Are you choosing to redefine the question at this point? In the original
problem statement, you did not wish to use kmeans() because kmeans() requires
specifying the number of clusters. Your problem specification quoted above is
to find *6* centroids, which is an exact number that could be passed to
kmeans() and would probably give you the output you were hoping for.

But if you want an algorithm in which you do not have to specify the number of
clusters ahead of time (e.g., because the number varies), then there cannot be
such a general algorithm that does accurate clustering and centroid detection
-- not without assumptions (possibly inapplicable ones) or explicit
information about how to decide whether a set of points represents one bigger
cluster or two smaller clusters.

In the imdilate() / bwlabel() version that proposed, the implicit assumption
would be coded into the dilation size and the grid size.

Here is some sample code, assuming coordinates in x and y:

scatter(x,y,'b.');

GS = 10;   %number of grid divisions

minx = min(0,min(x));
miny = min(0,min(y));
divs = ceil(max(max(x)-minx,max(y)-miny));

gridded = reshape( accumarray( sub2ind([GS,GS], 1+fix((y-miny)*GS/divs),
1+fix((x-minx)*GS/divs)).', 1, [GS.^2,1], @any).', GS, GS);

labeled = bwlabel(gridded);
cents = regionprops(labeled,'centroid');

cxy = GS * (vertcat(cents.Centroid) - 1);
cxy(:,1) = cxy(:,1) + minx;
cxy(:,2) = cxy(:,2) + miny;

hold on
scatter(cxy(:,1),cxy(:,2),'rd')
hold off

The original points will now be in blue dots, and the centroids will be red
diamonds on the graph.

The _approximate_ (x,y) coordinates of the centroids are in cxy. The accuracy
of the approximation can be altered by changing the grid size variable, GS, at
the expense of an increase in memory.

If you want to view the labeled gridded approximation of the original data,
display flipud(labeled) .

This code has been designed so that, to the extent practical, the matrices are
like an approximated drawing of the data; however, because regionprops counts
from the upper left corner instead of from the bottom left corner, they cannot
be represented exactly the same way... or rather, that they could, but you
would have to flipud() the value being assigned to gridded, and you would then
have to flipud(labeled) when you passed it in to regionprops. I figured that
the efficiency of not doing the double flip outweighed the ease of viewing the
matrices step by step... just remember to flipud() the matrices for viewing.

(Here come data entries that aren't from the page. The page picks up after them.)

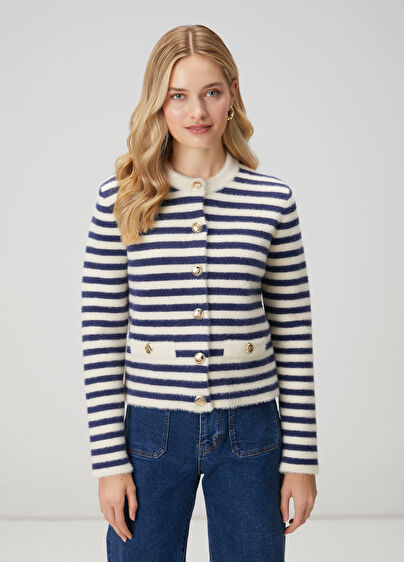 Bisiklet yaka, çıtçıt kapatmalı, çizgi desenli hırka Ürün bedeni: S / Model ölçüsü: Boy: 174 cm - Göğüs: 83 cm - Bel: 59 cm - Kalça: 88 cm Yeni sezon hazır giyim alışverişlerinizde ücretsiz tadilat yapılmaktadır
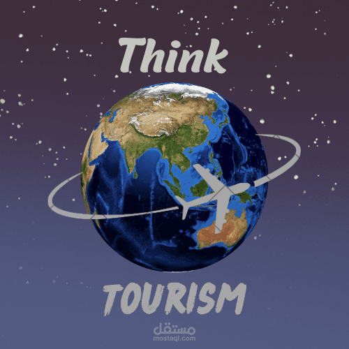 في الوسط، صورة كوكب الأرض مع طائرة تدور حوله، مما يرمز إلى السفر والسياحة العالمية.
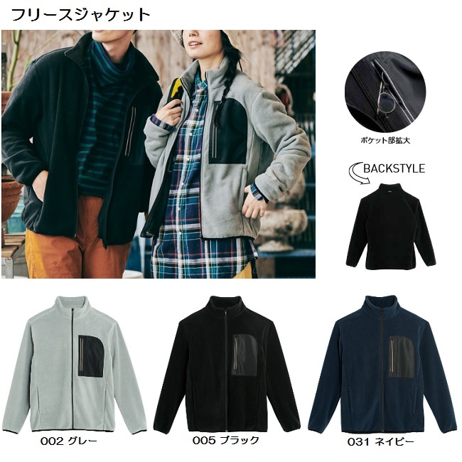 胸ポケットがアクセントのフリースジャケット。反射テープで夜間も安心。
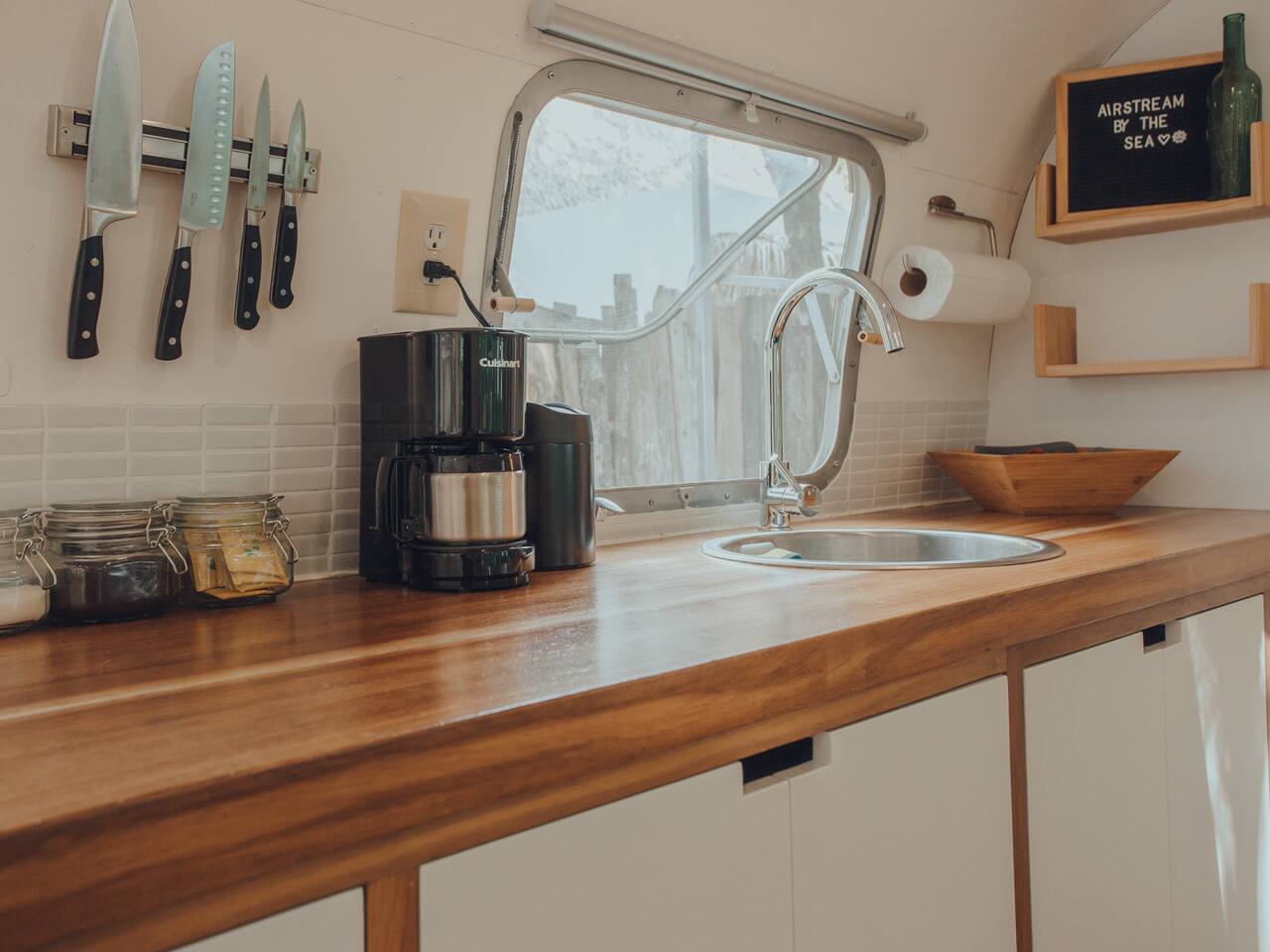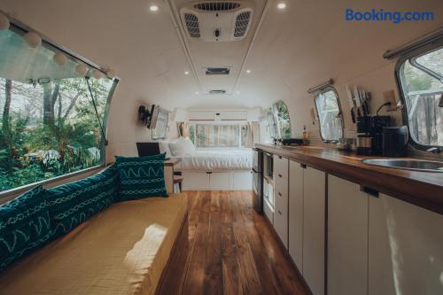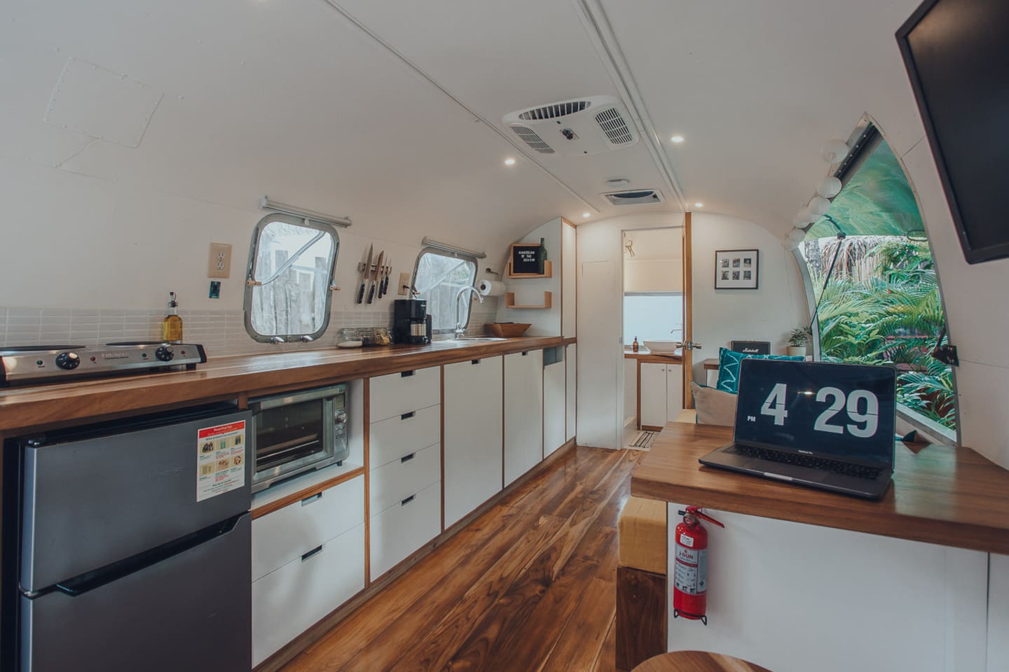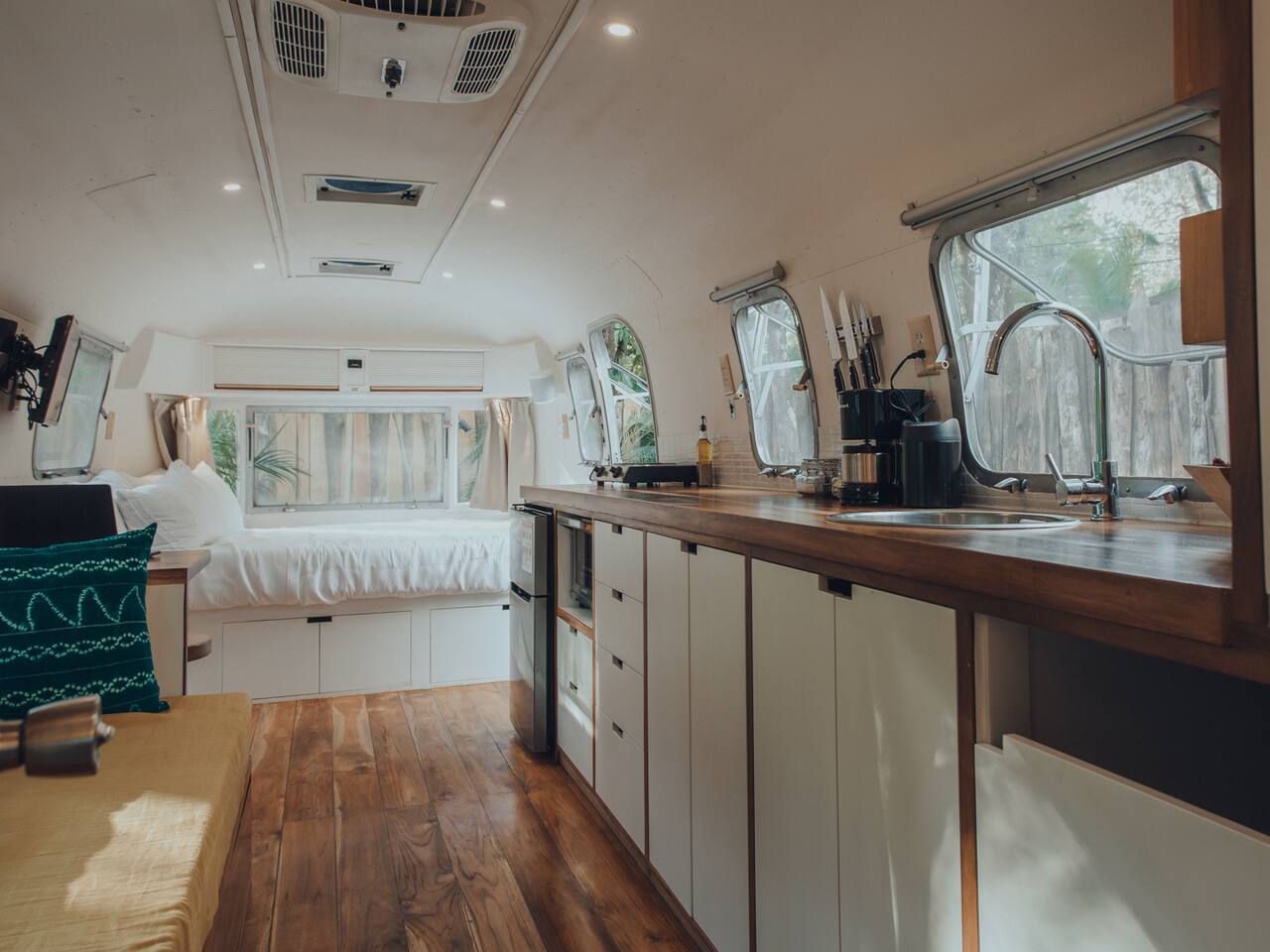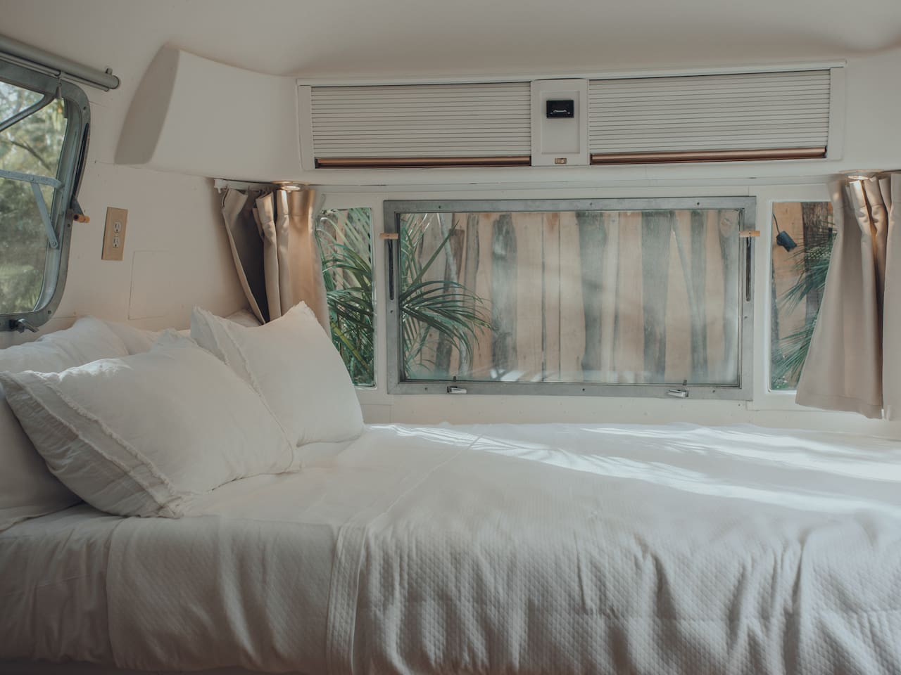 Our 29ft 1978 Airstream is designed for comfort and style with: - Queen bed, fresh linens - Indoor bathroom with hot shower - Air-conditioning, high-speed Wi-Fi - Mini-kitchen, flatscreen TV, Marshall speaker - Private outdoor deck and hot shower - Shared fire pit and ping pong table

If the data has a minimum notably different from 0, then you may wish to
replace the minx and miny lines to not take min of 0 and the value: not doing
the min against 0 will give a finer granularity in the binning, at the price
of altering the aspect ratio of the displayed matrices compared to what would
be plotted. It would be a better computation, but more difficult to understand
what was going on... and since I had to fiddle somewhat with the various
transposes and order of parameters, having a similar aspect ratio to the graph
was a big help.

Kinda interesting... first time I've ever used bwlabel or regionprops. Or, for
that matter, accumarray for anything serious.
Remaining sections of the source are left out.